Ready set go, let the race begin. We are not talking Olympic competition here, but there is a potential trophy on the line. Not the shiny cup type of trophy that occupies a shelf in the den, but one that might just qualify as a catch of a lifetime.
It’s day four of our five days of winter in Algoma and ice fishing is the name of the game.
As we enjoy the warmth and comfort of the fishing hut, outside tip-ups (see photo below) sit guarding a few extra holes and rods. When a tip-up releases its flag, it’s fish on and the race begins. First person to get there claims whatever is at the end of the line.
We start the day at beautiful Wakomata Shores Resort where we meet up with fishing guide Adam Vallee, of Angling Algoma. Using a local fishing guide is a good idea any time you are exploring new areas but there is no better time of year to apply that advice than winter.
I tell you, once you see a frozen lake you have seen them all and trying to figure out where to start would be a real head-scratcher. Adam brings much more to the table, or should I say the ice, than local knowledge.
There are the dozen fishing rods, tackle, bait, electronics, an auger to cut through the ice, heaters for the hut, ATV, and sled to move things around and even a portable hut.
We waste no time, drop our bags at the cabin and hit the ice. Wakomata Lake is renowned for its lake trout population, a species which neither one of us have caught before.

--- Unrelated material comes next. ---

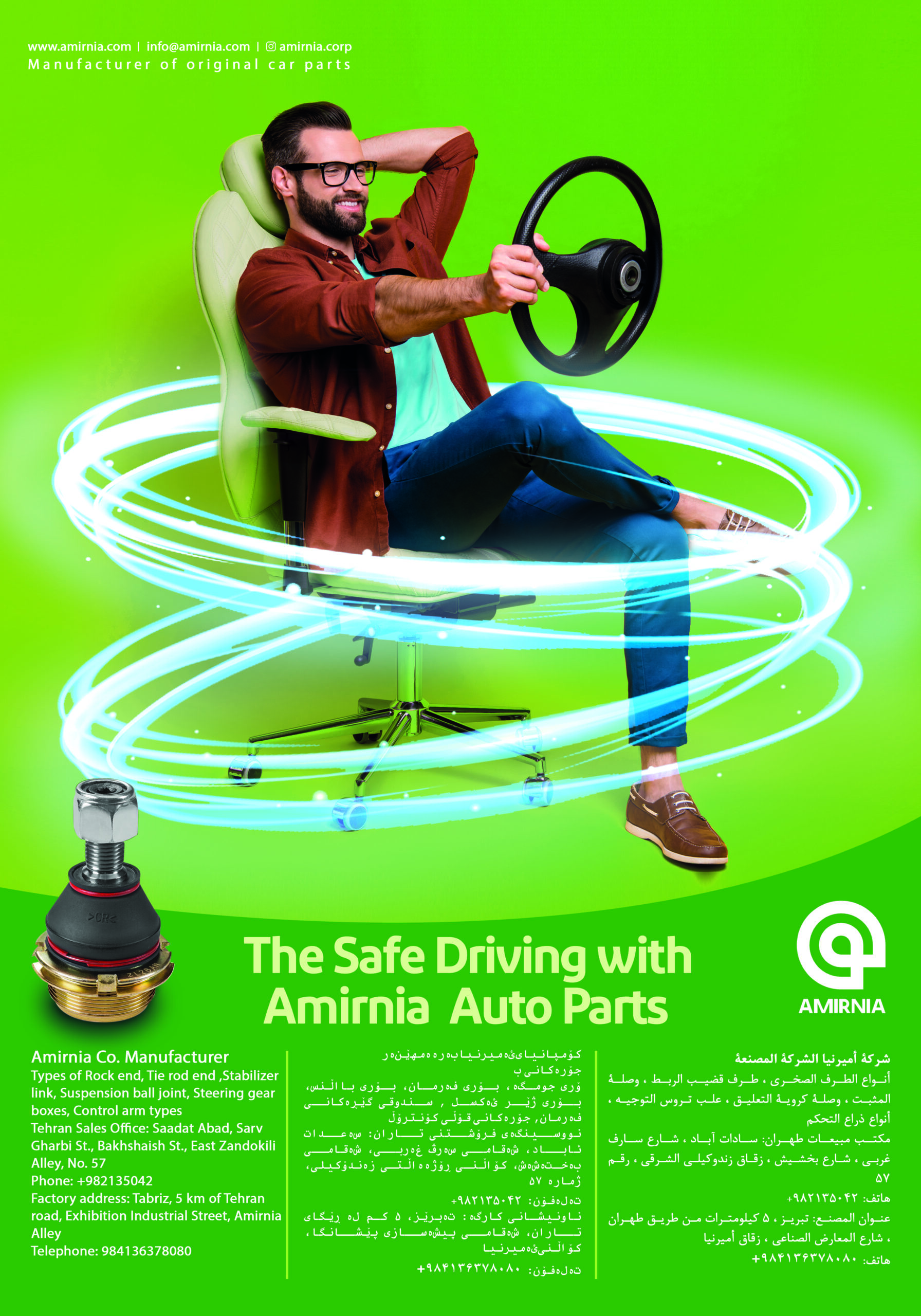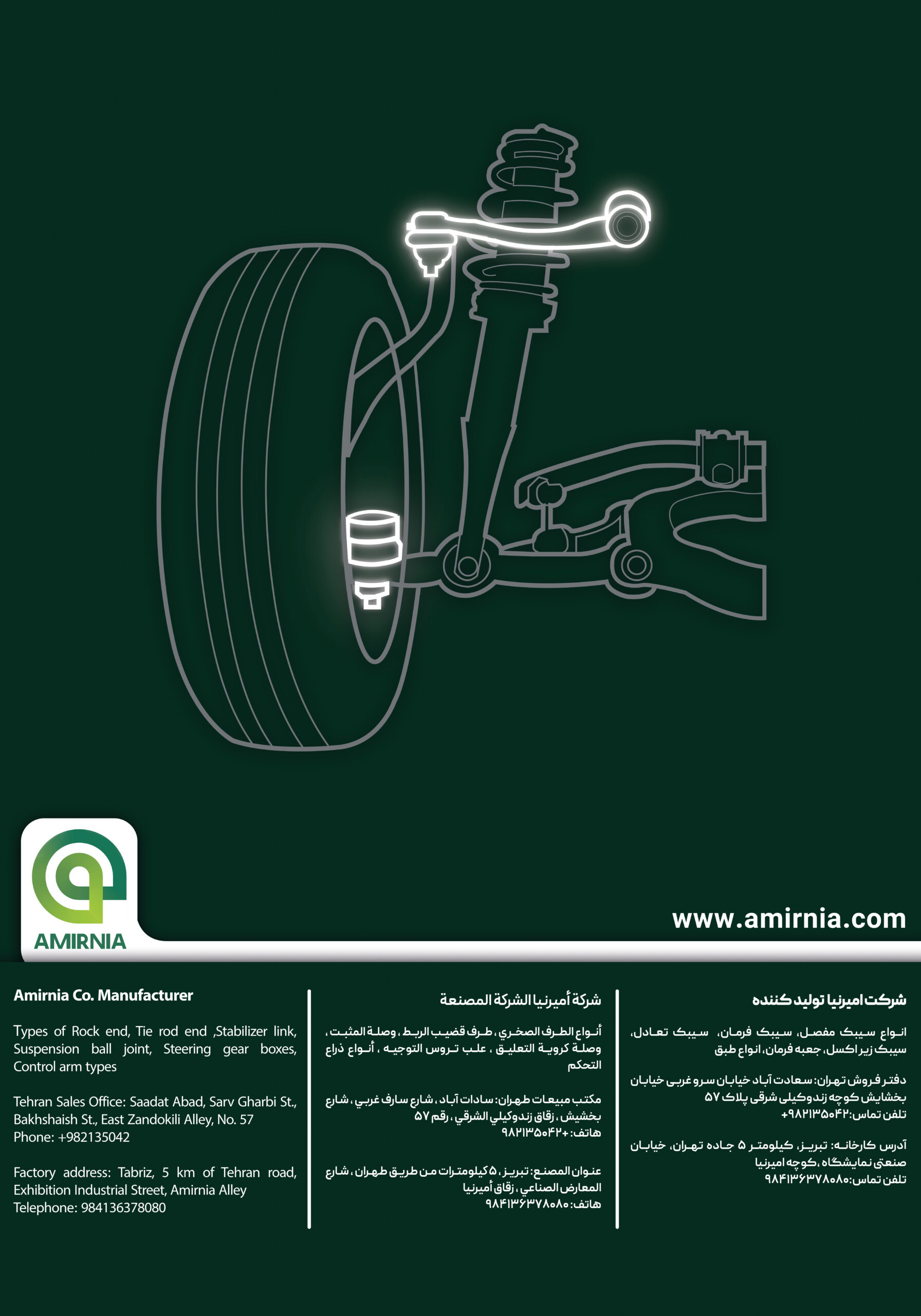 شرکت تولیدی صنعتی امیرنیا در سال 1369 با هدف والای کمک به ارتقاء صنعت ایران فعالیت خود را با طراحی، تولید و صادرات انواع قطعات سیستم تعلیق و فرمان خودروهای سواری درتبریز آغاز نموده است. گستره وسیع محصولات ،کیفیت بالا، قیمت مناسب به همراه مطالعات مشتری محور، امیرنیا را تولید کننده پیشرو قطعات یدکی خودرو در خاورمیانه نموده است.

As we play tourist snapping selfies featuring Algoma’s expanse of ice, land, and sky, Adam goes about his business of drilling holes, setting up rods and baiting hooks. We are fishing in 60 to 80 feet of water and live minnows are the bait of choice.
Before all rods are even set up a flag pops up, fish on and just like that, 30 minutes into our first ice fishing experience, we tick lake trout off the list.